Paul Simpson has edited Champions, the official UEFA Champions League magazine, since its launch in 2004. Before that, he launched FourFourTwo as editor in 1994, wrote the acclaimed Rough Guide To Elvis and formulated the influential HR theory that everyone in your office has an equivalent character in Dad's Army.
He supports Nuneaton Borough and Jimmy Bloomfield's Leicester City.

Comments

  March 11, 2009 02:52

Suivaloom said:

IF an English team wins the Champions League this season again, THEN we can start saying our clubs dominate European competition.

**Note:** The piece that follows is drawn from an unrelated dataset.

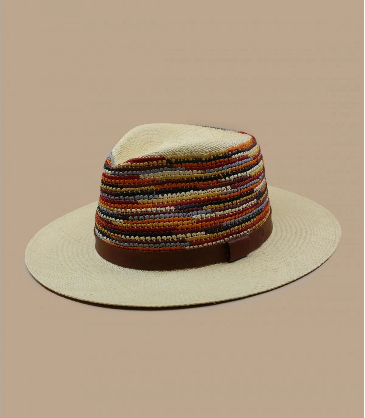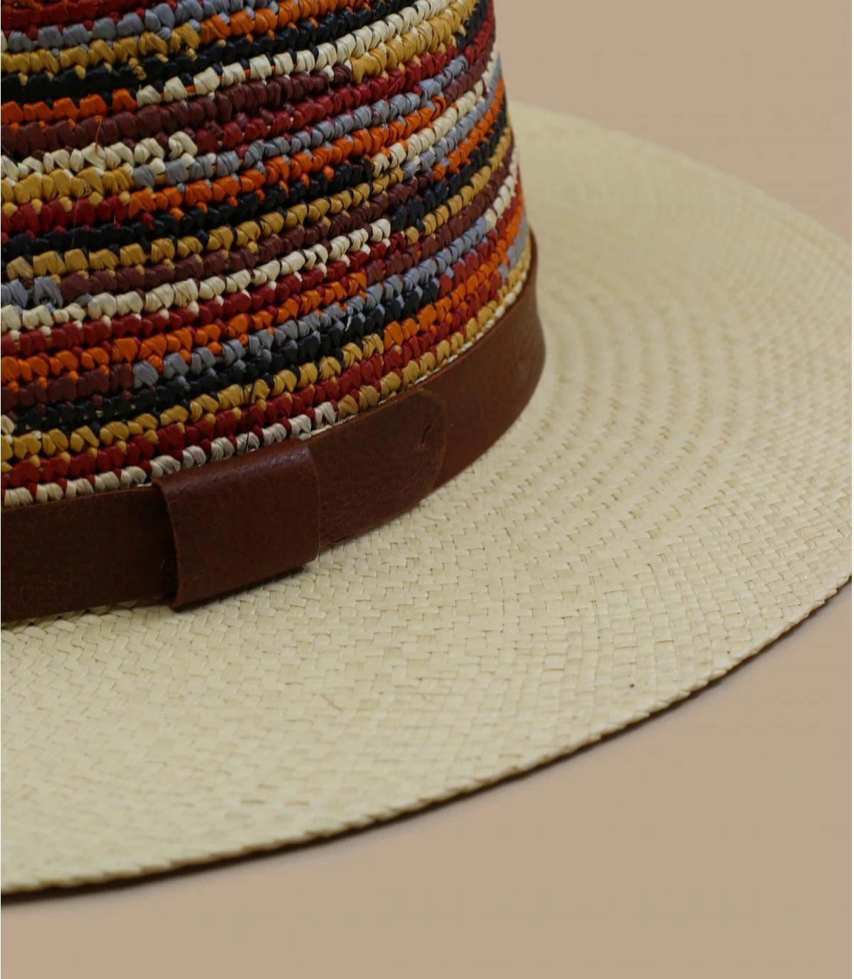 Offrez-vous une véritable création unique, avec ce magnifique chapeau confectionné en authentique paille panama par le spécialiste Bailey of Hollywood. Le tressage multicolore de sa calotte est une œuvre d’art et son bord droit lui donne un port original.

I must say though that Custis and co were quite shameful in their disrespect towards Italian football in that discussion. Yes, we may be better now, but why insult and gloat? It is insulting to any intelligent football fans.

  March 11, 2009 07:26

Fergal said:

I've never heard of this Custis guy but even if I did I would never take the opinion of some clown who works for an abysmal rag like the sun seriously. Only fools pay heed to people like him. I Follow Italian football closely and would be the first to admit it behind the Premier league at the moment.But I also know that these things change gradually and the EPL will fall away eventually and be overtaken by other leagues.This is not me hoping,this is just the way things are.Nothing lasts forever.The cracks are already showing in the huge debts that these English sides are carrying.